One of our servers crashed. I was watching our new system administrator trying to restore it. He inserted a CD and needed to type a path name to a directory named “i386.” He started to type it and paused, asking me, “Where’s the key for that line thing?” I asked what he was talking about, and he said, “You know, that one that looks like an upside-down exclamation mark.” I replied, “You mean the letter “i”?” and he said, “Yeah, that’s it!”

Stupid CoWorkers

Several years ago we had an intern who was none too swift. One day he was typing and turned to a secretary and said, “I’m almost out of typing paper. What do I do?” “Just use copier machine paper,” she told him. With that, the intern took his last remaining blank piece of paper, put it on the photocopier and proceeded to make five blank copies.

Stupid Tech Support

I was working the help desk.

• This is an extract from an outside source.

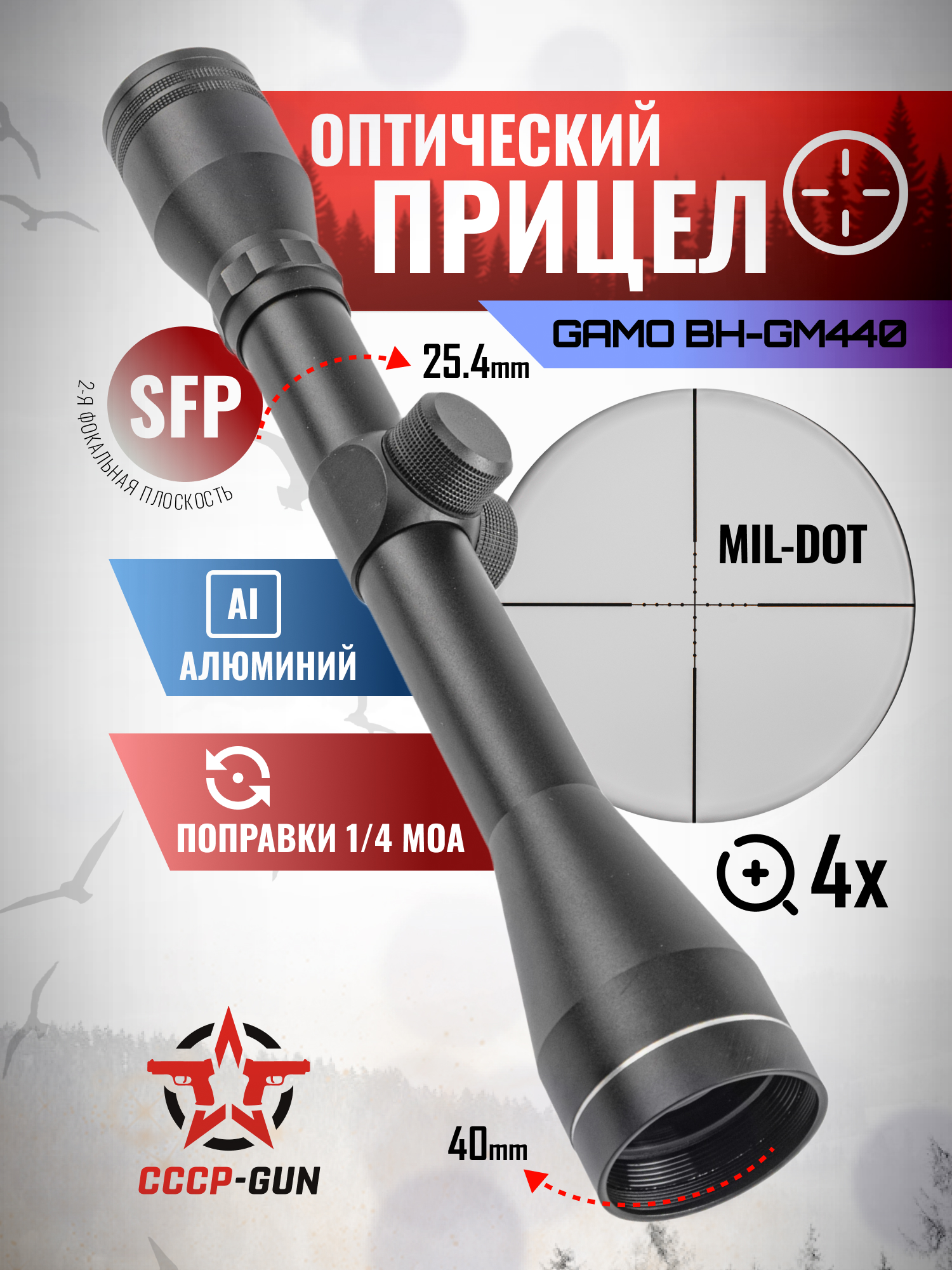 Оптический прицел, произведенный в КНР по заказу испанской компании Gamo, которая специализируется на производстве различных пневматический винтовок и пистолетов, а так же дополнительного оборудования.

One day one of the computer operators called me and asked if anything “bad” would happen if she dropped coins into the openings of her PC. I asked her if this was something she was thinking of doing. She said, “never mind” and hung up. So I got out my trusty tool kit and paid her a visit. I opened her CPU case and sure enough, there was 40 cents.

Stupid Tech Support

Tech Support:

“What does the screen say now.”

Person:

“It says, `Hit ENTER when ready’.”

Tech Support:

“Well?”

Person:

“How do I know when it’s ready?”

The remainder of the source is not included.